"It would be better if you were born in some European country," the doctor told me when I got to the hospital. The reason for my urgent hospitalization were bruises all over my body, heavy breathing, frequent bleeding, which caused hemoglobin to fall, and a sharp weight loss. I realized that I was ill.
The heavy bleeding that had already opened in the hospital, could not stop anything. My condition is not that every day, but with every hour it gets worse. First, aplastic anemia was diagnosed. But after an additional examination, the preliminary diagnosis changed with acute leukemia.
In a difficult condition, I was transported from Kharkov to the capital. In Kiev, the diagnosis was confirmed. The drug, which could help with my form of leukemia, was not in Ukraine. And he then cost (in 2003) 500 dollars - crazy money! He was brought from Moscow: strangers bought it at their own expense and sent through conductors. But I was sure that I did not have cancer (the results of the second survey were not reported to me). So I thought I had aplastic anemia. But it was on my birthday (and I was already in the hospital for a month at that time), the doctor said that you need to do chemotherapy. I realized that things are bad. I was then 23 years old.
Treatment has begun. Chemotherapy is one, the second ... There were a lot of tears, experiences, pains. Doctors at night were on duty near me. A month and a half later they wrote me out for twenty days. And only there I certainly learned about my diagnosis: I found an annotation to the drug, which was usually taken out of the medicine package, so that the patients knew less and did not experience it again, did not fall into despair. A person who does not know the seriousness of his problem and hopes to recover is easier to treat. Then it was practiced and personally it helped me.

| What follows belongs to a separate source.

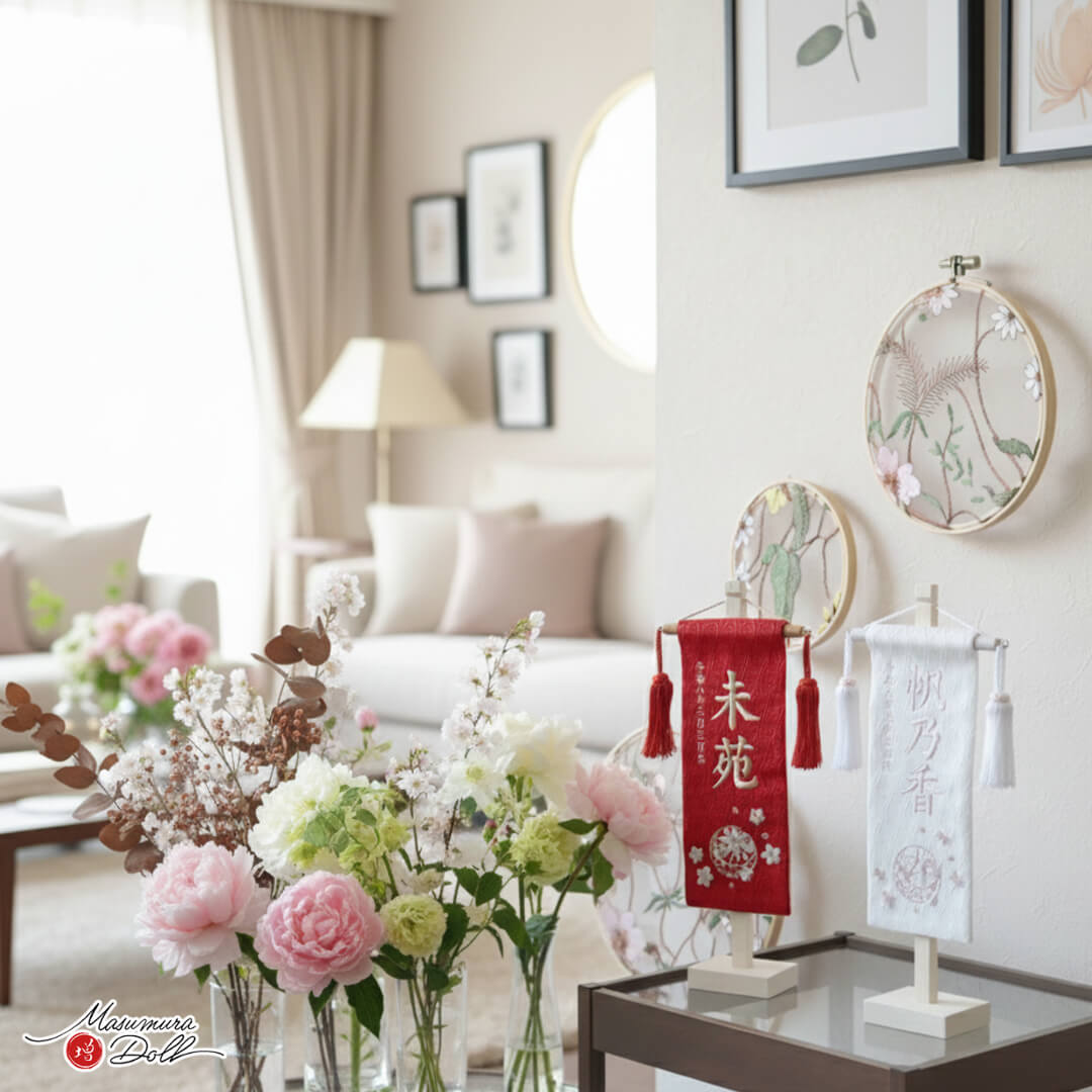 名前旗 女の子 かわいい 雛人形 名前旗 おしゃれ 刺繍 選べる 2種類 ジャガード刺繍名前旗 ミニ 赤マリ 白マリ 増村人形店 MMN3507

Between intensive care courses I entered a stable remission. This happened after the anointing. There was intensified prayer, repentance, reinterpretation of one's life. And in front of me were waiting for another three and a half years of patient and persistent treatment. It did not appeal to me at all. And I said to my aunt: "I want to know the truth: what awaits me? What is the verdict of the doctors? This is my life and I have the right to know everything. " To which she replied: "First of all, you must understand one thing: there are doctors' conclusions, but there is a verdict of God. And most importantly, what He will say is the Lord. Remember? "Hearing my not quite sure:" Yes, "she continued:" They give a year or two. If you are in remission, then a maximum of five years. They do not treat you, they just prolong life. " I thanked her for her openness, went into her room and, crying, she burst into tears ... And then she said to God: "It's very easy to believe You when you do not know the truth. Help me to believe now, when I know ... Regardless of anything."

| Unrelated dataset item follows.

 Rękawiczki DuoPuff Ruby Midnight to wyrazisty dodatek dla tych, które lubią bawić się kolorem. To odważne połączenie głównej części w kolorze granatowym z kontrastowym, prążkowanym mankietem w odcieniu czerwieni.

...I'm back in the hospital. And next - death. I felt it when my friend was dying in the ward with me. I was escorted out into the corridor so that I did not see it. But it was a lot of stress. Death is not there when you are told that you have cancer, or even if you realize it ... And when you feel her breath with all your being. When you can not lie, get up, or eat ... when your nervous system is so tense that it seems you are about to go crazy. When you are completely helpless, helpless and helpless. This is a terrible condition.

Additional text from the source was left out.